I'd suggest that if you want to learn from this experience, then don't look at penny-stocks, as much as I've stated that you want risk. They are simply too volatile and illiquid an asset, and they're almost impossible for a noob investor to make an informed decision about. Stick with the medium-large cap companies, check their recent SENS announcements, check the latest news about the company, find some research by various asset managers and sell-side participants, look for when they announce results, look for when they go ex-div, look at their div yield, look at their past performance but importantly, use this as an indicator, not as a decision-making criteria. Look at the kinds of volumes traded. Try to understand why their price moves.
Let's take a good example - Calgro M3 Holdings. They recently moved from the AltX to the main board and have had considerable success, even though other property developers have struggled. Why? Well check the news and see their affiliation with government. Look at their potential contracts moving forward. Look at the management team. Look at why they are listed - they're simply diversifying their investor-base - they don't actually need the additional capital. So they are heavily liquid; are well supported; showing great growth; can protect themselves in the event of sudden negative economic impacts; and they're in a market that is somewhat protected from macro external property market moves, as they have a niche with government.

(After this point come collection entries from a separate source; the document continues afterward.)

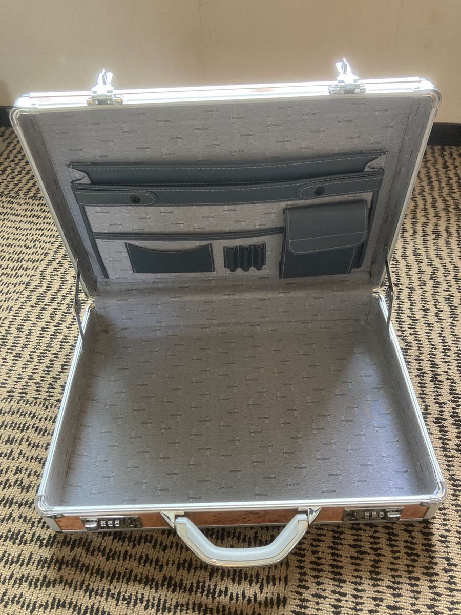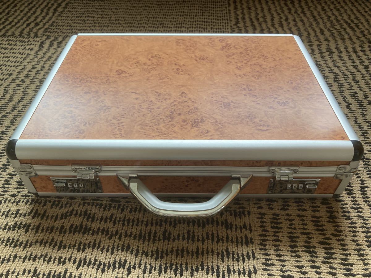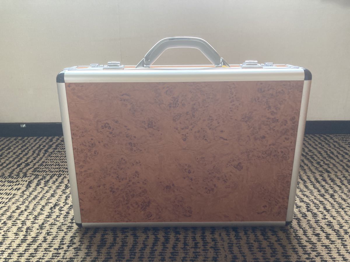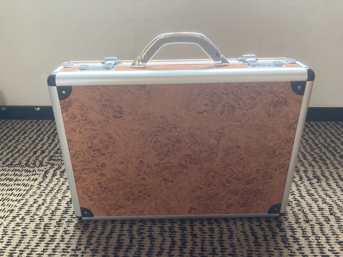 未使用 アルミアタッシュケース 木目調 ウッドパターン 鍵付き ダイヤルロック錠タイプ 送料込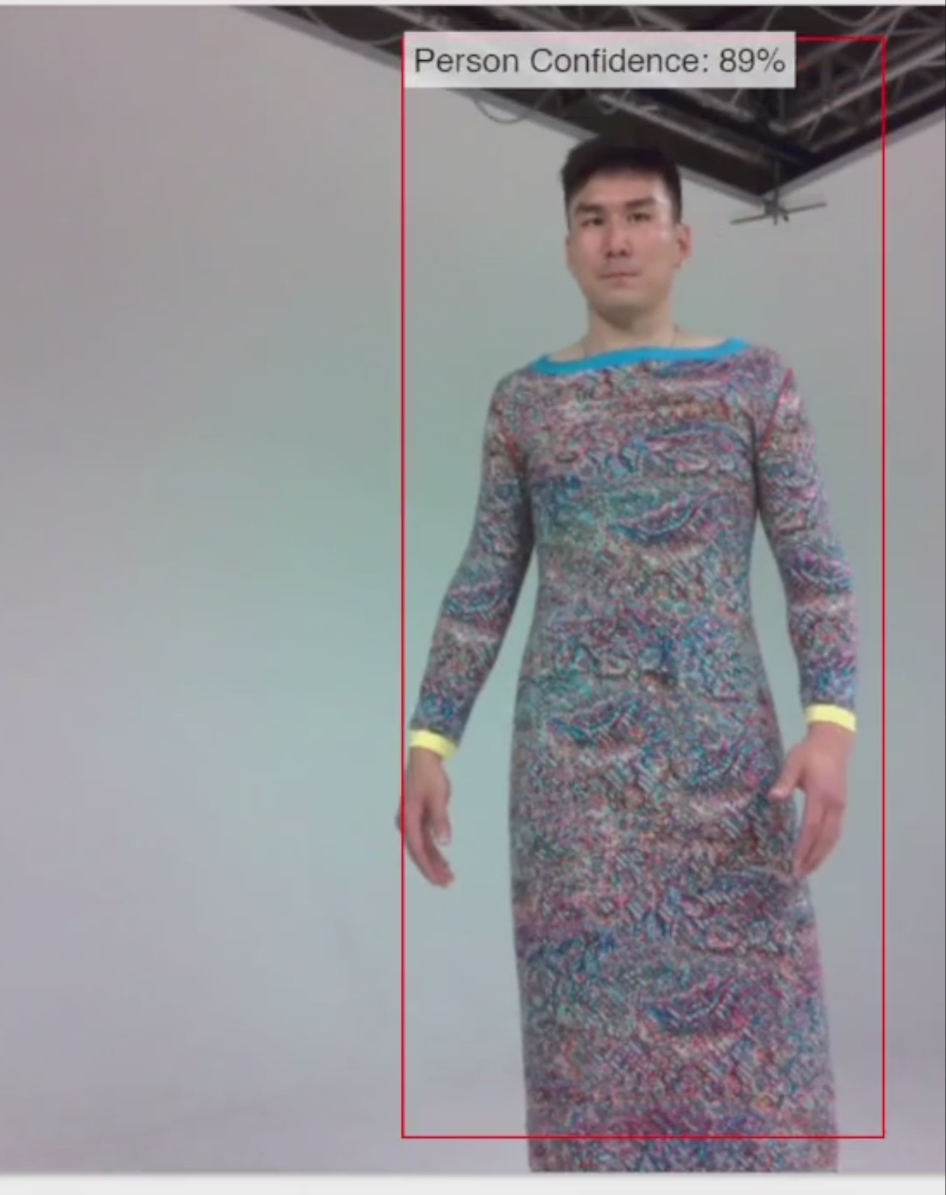 The technological innovation behind this project lies in creating a system capable of transposing adversarial images onto a fabric that can be used to deceive people detectors in real time. By wearing a garment in which an adversarial image is woven, one can protect the biometric data of their face, which either will not be detectable or will be associated with an incorrect category, such as "animal" rather than "person."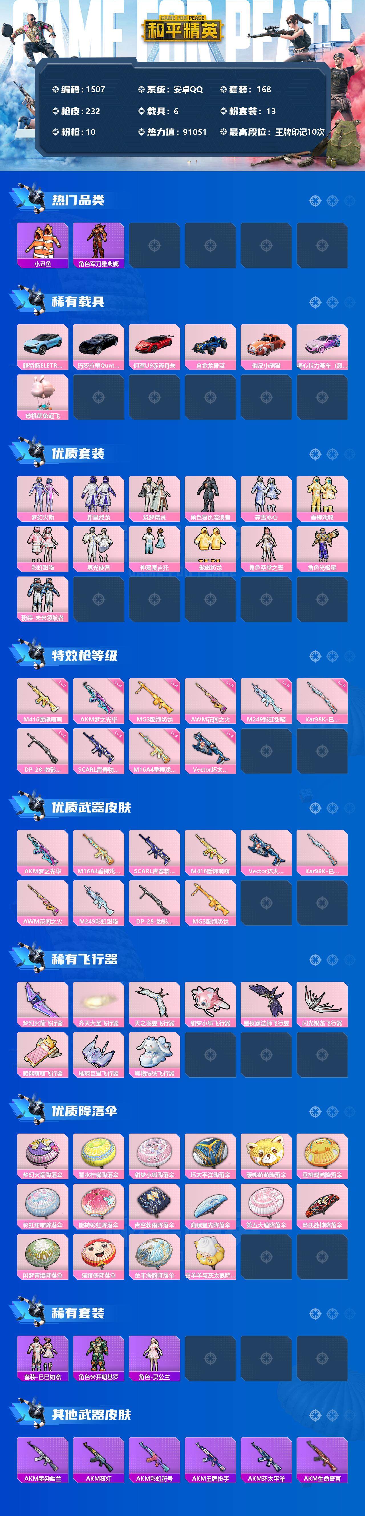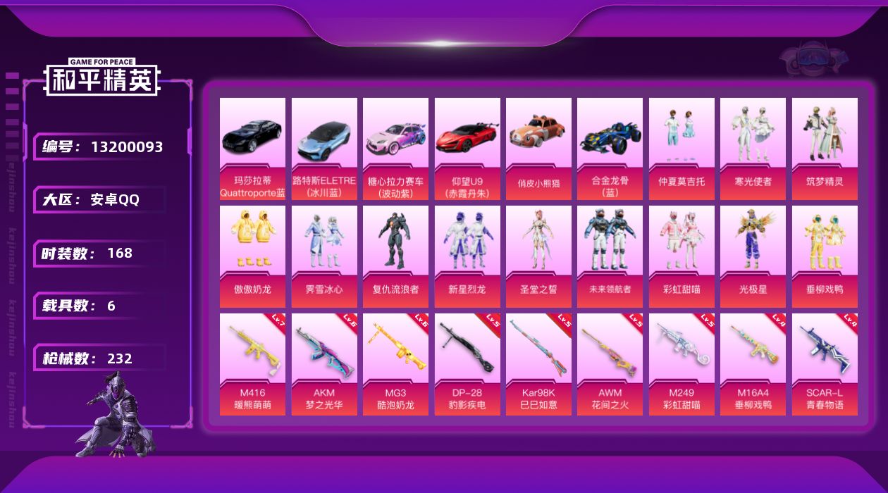 [13200093]安卓 手Q-13粉装-10特效枪-6载具-9粉色飞行器-91051热力值-10王牌印记-168套装-232枪皮 【热门品类】:粉装-梦幻火箭,套装-深海小丑鱼,套装-小丑鱼,套装-奇异狩猎者,角色-军刀雅典娜,套装-龟仙人,套装-暗影哥特,套装-粉红小猪 【粉色载具】:路特斯ELETRE(冰川蓝),玛莎拉蒂Quattroporte(夜幕蓝),仰望U9(赤霞丹朱),合金龙骨(蓝),俏皮小熊猫,糖心拉力赛车(波动紫),僚机-萌兔起飞 【粉色套装】:粉装-梦幻火箭,粉装-新星烈龙,粉装-筑梦精灵,角色-复仇流浪者,粉装-霁雪冰心,粉装-垂柳戏鸭,粉装-彩虹甜喵,粉装-寒光使者,粉装-仲夏莫吉托,粉装-傲傲奶龙,角色-圣堂之誓,角色-光极星,粉装-未来领航者 【粉色枪皮等级】:AKM-梦之光华(六级),M16A4-垂柳戏鸭(四级),SCAR-L-青春物语(四级),M416-暖熊萌萌(七级),Vector-环太平洋(四级),Kar98K-巳巳如意(五级),AWM-花间之火(五级),M249-彩虹甜喵(五级),DP-28-豹影疾电(五级),MG3-酷泡奶龙(六级) 【粉色枪皮】:AKM-梦之光华,M16A4-垂柳戏鸭,SCAR-L-青春物语,M416-暖熊萌萌,Vector-环太平洋,Kar98K-巳巳如意,AWM-花间之火,M249-彩虹甜喵,DP-28-豹影疾电,MG3-酷泡奶龙 【粉色飞行器】:梦幻火箭飞行器,齐天大圣飞行器,天之羽翼飞行器,甜梦小狐飞行器,星夜魔法师飞行翼,闪光银龙飞行器,暖熊萌萌飞行器,璀璨巨星飞行器,萌物绒绒飞行器 【粉色降落伞】:梦幻火箭降落伞,香水柠檬降落伞,甜梦小狐降落伞,环太平洋降落伞,暖熊萌萌降落伞,垂柳戏鸭降落伞,彩虹甜喵降落伞,旋转彩虹降落伞,青空秋雨降落伞,海螺星光降落伞,第五大道降落伞,炎氏战神降落伞,闲梦青缨降落伞,猪猪侠降落伞,金丰海韵降落伞,喜羊羊与灰太狼降落伞 【稀有套装】:套装-龟仙人,套装-巳巳如意,角色-米开朗基罗,角色-灵公主 【稀有枪皮】:AKM-墨染幽兰,AKM-夜灯,AKM-彩虹符号,AKM-王牌投手,AKM-环太平洋,AKM-生命誓言,AKM-破晓战魂,AKM-缤纷海域,AKM-虎虎生威,AKM-霓虹街区,AKM-龙的传人,M16A4-幻世战舞者,M16A4-甜心亚梦,M16A4-红色方程式,SCAR-L-

But this poses its own risks. Can their growth be supported for a long period of time? Well that depends on the sector but I say no. They are heavily exposed to one part of the market - government. So there is demand risk. They are approaching all-time highs. Will they trade through this price point? Possibly, but other developers in a similar position often struggle to trade through these resistance levels. But then again, the last time they broke through their all-time high, they shot up like a bullet. They've also recently broken through their 570 resistance level and traded above there for the last day or two, so 570 might in fact become the new support level for this stock.
Look into these risk factors and you begin to build your own risk model. Use this to begin to understand price movements, understand the range within which the stock trades, and you begin to understand where a good entry point into the stock is (i.e. price). You can also begin to gauge the potential of the stock moving forward with this data. You can then transpose what you've learnt on to other asset classes and companies and begin to make informed investment/trading decisions. Remember that you're only in this for a few months, so you're not necessarily trading, but you're also not necessarily investing for the long term either.
Oh and to patrick, I wouldn't suggest adding a sell option, as the competition started as a no-sell option and investment choices were made on that basis. Perhaps next round that can be introduced.